-- WHAT YOU SHOULD DO --
Your answer is the lines below, exactly, from the one that contains "Macerata Campania. La" through the one that contains "- Schraube zum", both included.

-- ENTRIES SHOWN --
╭──

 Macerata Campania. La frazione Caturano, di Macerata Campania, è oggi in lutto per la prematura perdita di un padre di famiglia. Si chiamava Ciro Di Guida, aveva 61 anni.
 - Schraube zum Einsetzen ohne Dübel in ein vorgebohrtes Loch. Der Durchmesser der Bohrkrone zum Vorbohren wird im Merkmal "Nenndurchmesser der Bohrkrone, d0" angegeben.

╰──
╭──

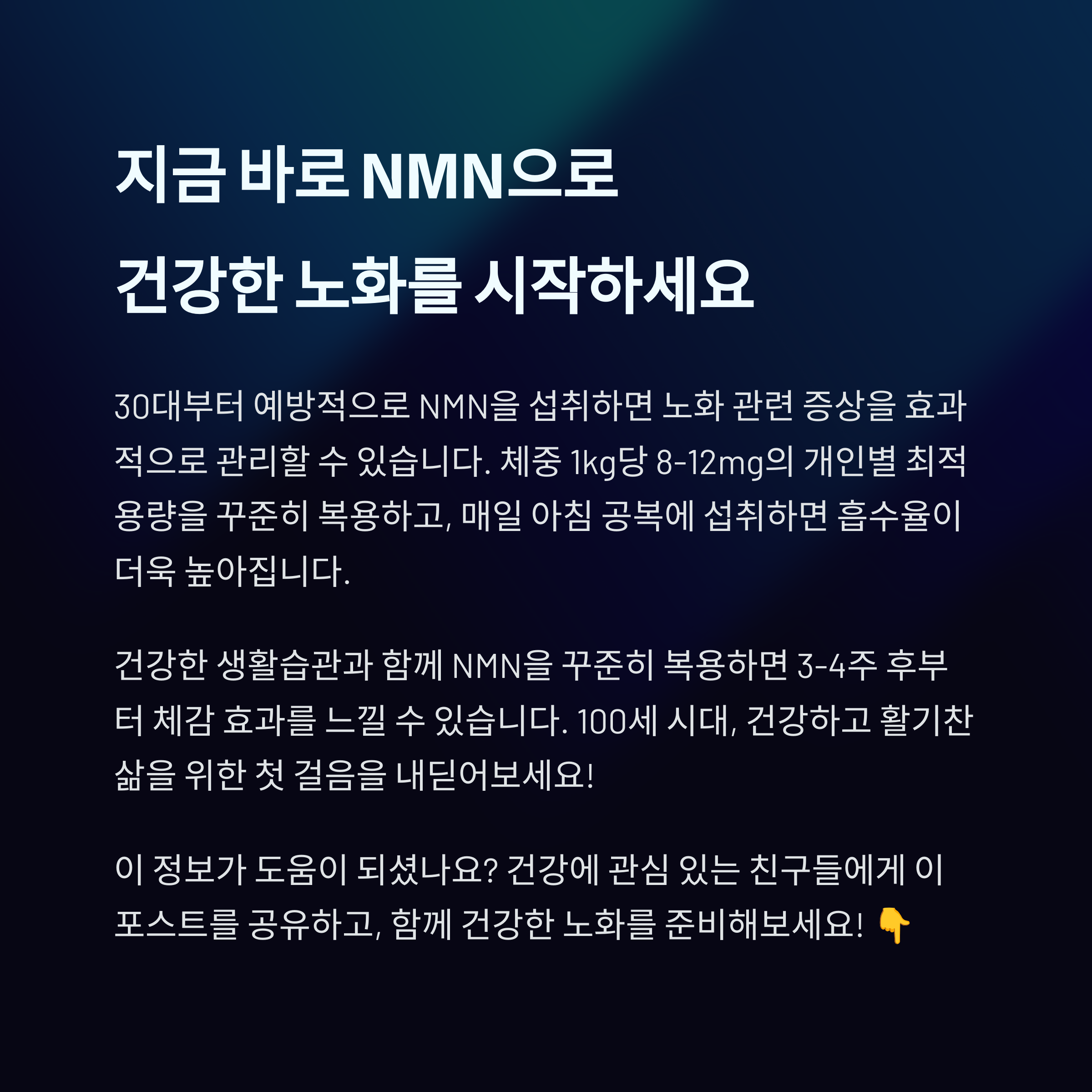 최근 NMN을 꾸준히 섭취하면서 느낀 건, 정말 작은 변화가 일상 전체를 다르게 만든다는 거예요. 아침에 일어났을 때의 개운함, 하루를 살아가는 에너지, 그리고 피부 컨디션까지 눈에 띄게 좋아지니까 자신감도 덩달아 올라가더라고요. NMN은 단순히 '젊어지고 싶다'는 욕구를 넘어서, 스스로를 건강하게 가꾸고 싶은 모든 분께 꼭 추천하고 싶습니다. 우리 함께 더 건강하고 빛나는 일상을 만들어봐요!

╰──

-- PROBLEM SOLUTION --
 Macerata Campania. La frazione Caturano, di Macerata Campania, è oggi in lutto per la prematura perdita di un padre di famiglia. Si chiamava Ciro Di Guida, aveva 61 anni.
 - Schraube zum Einsetzen ohne Dübel in ein vorgebohrtes Loch. Der Durchmesser der Bohrkrone zum Vorbohren wird im Merkmal "Nenndurchmesser der Bohrkrone, d0" angegeben.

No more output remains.